A few days ago I was met with the task of producing static dashboards for providing a visual overview of some calcium fluorescence data corresponding to neural electrical potenital in 120 C Elegans neurons.

As I experimented with different graph formats and decided which ones best represent the data, I was ready to start producing one png image laying out the various graphs on an invisible grid.

In truth, I only had 5 graphs to layout and it was easy to determine the dimensions of my grid needed to be $3*2$ to minimize the number of excess cells but still fitting all the graphs.

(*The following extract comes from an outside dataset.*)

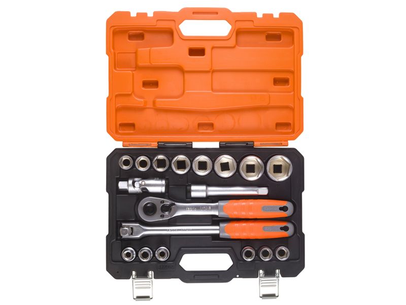 14 kom 1/2" nasadnih ključeva: 10,11,12,13,14,15,16,17,19,22,24,27,30,32 mm 1/2" produžetak 125 mm 1/2" ručka sa čegrtaljkom 1/2" adapter univerzalni zglobni 1/2" ručka sa zglobnim nastavkom ergonomski oblikovana ručka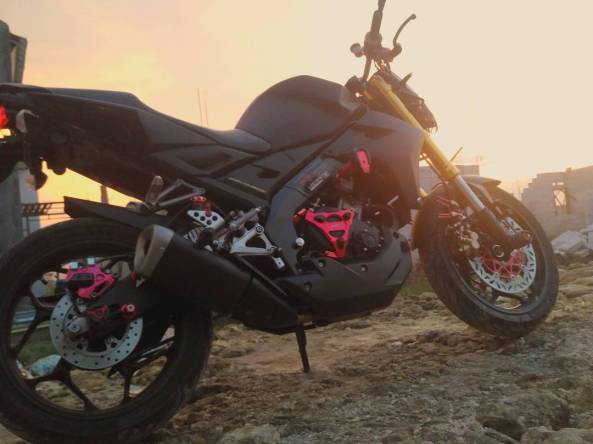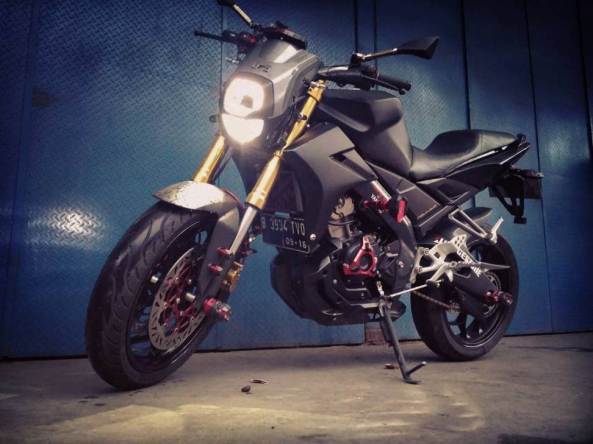 Swing arm kepunyaan Yamaha R15 V2 nemplok manis menggantikan swing arm orisinal yang ceking. Lalu perangkat pengereman cakram belakang masih andalkan R15 V2 yang dijepit kaliper New Jupiter MX yang tentunya duduk manis di breket custom salah satu gerai modifikasi. Terakhir, sekujur body dilabur kelir hitam doff yang makin menguatkan kesan gahar motor ini dan ditutup silincer orisinal Yamaha MT-25 yang nemplok sebagai pelepas gas buang. Gimana, mantap kan? Beneran gahar to?

My natural tendency to consider how this solution would scale led me to a deeper and much more interesting problem, being how to find two factors whose product approaches or is equivalent to a given $n$ and whose difference is as small as possible. This will enable me to determine how best to layout on a grid a given number of symbols where the grid is as squarelike as possible.

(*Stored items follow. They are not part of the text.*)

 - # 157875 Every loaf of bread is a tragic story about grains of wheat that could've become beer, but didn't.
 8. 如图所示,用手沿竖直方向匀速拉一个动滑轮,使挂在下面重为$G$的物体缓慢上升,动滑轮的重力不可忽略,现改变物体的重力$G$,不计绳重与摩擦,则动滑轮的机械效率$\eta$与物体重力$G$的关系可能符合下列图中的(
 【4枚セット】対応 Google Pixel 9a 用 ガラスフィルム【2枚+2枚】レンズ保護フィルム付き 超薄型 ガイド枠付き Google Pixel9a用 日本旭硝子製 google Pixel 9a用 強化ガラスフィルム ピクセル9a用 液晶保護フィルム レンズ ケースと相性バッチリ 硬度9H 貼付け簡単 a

In truth, this layout problem I was trying to solve is an applied instance of the abstract mathematical problem:

Given a set of symbols $Q$ of cardinality $n$ , find $(x,y)\in\mathbb{N^2}$ to minimize $xy-n>0$ and $|x-y|$

The obvious brute-force approach would be the $O(N^2)$ solution of comparing all $y_i$ and $y_j$, where $y=(x_1,…,x_i,…,x_n)$ and minimizing first $y_iy_j-n$ and then $y_i-y_j$.

Of course the problem is more nuanced than this simple solution makes it out to be. We can find a much more efficient solution if we look more closely.

We know all the factors of a given number $n$ lie along the curve $y=n/x$. Given we are finding some optimal pairing of some numbers, let us look at the distribution of factor pairs for $n=30$.

N = 30.0

import numpy as np
import matplotlib.pyplot as plt

# Plotting 30/x
xs = np.linspace(0,N, num=N*10).tolist()
y = [   N/x if x >0 else 0 for x in xs]

# Plotting the factors of 30: 
factors = np.array([(i, N / i) for i in range(1, int(N**0.5)+1) if N % i == 0])

fx = factors[:,0]
fy = factors[:,1]

plt.ylim((0,40))
plt.plot(xs, y,'r')
plt.plot(fx,fy, 'ob')

plt.xlabel('$x$')
plt.ylabel('%s/x'%N)

plt.title('Real and Natural Factors of %s'%int(N))

for xy in factors:
    xy = (int(xy[0]), int(xy[1]))
    plt.annotate('(%s, %s)'%xy, xy = xy, textcoords='offset points')
    

Once we have the function and factors graphed, we see our solution lies at the intersection of $f(x)=\frac{n}{x}$ and $f(x)=x$, i.e. $y=floor(\sqrt{n})$ and $x=ceil(\sqrt{n})$

It turns out this was a very simple issue.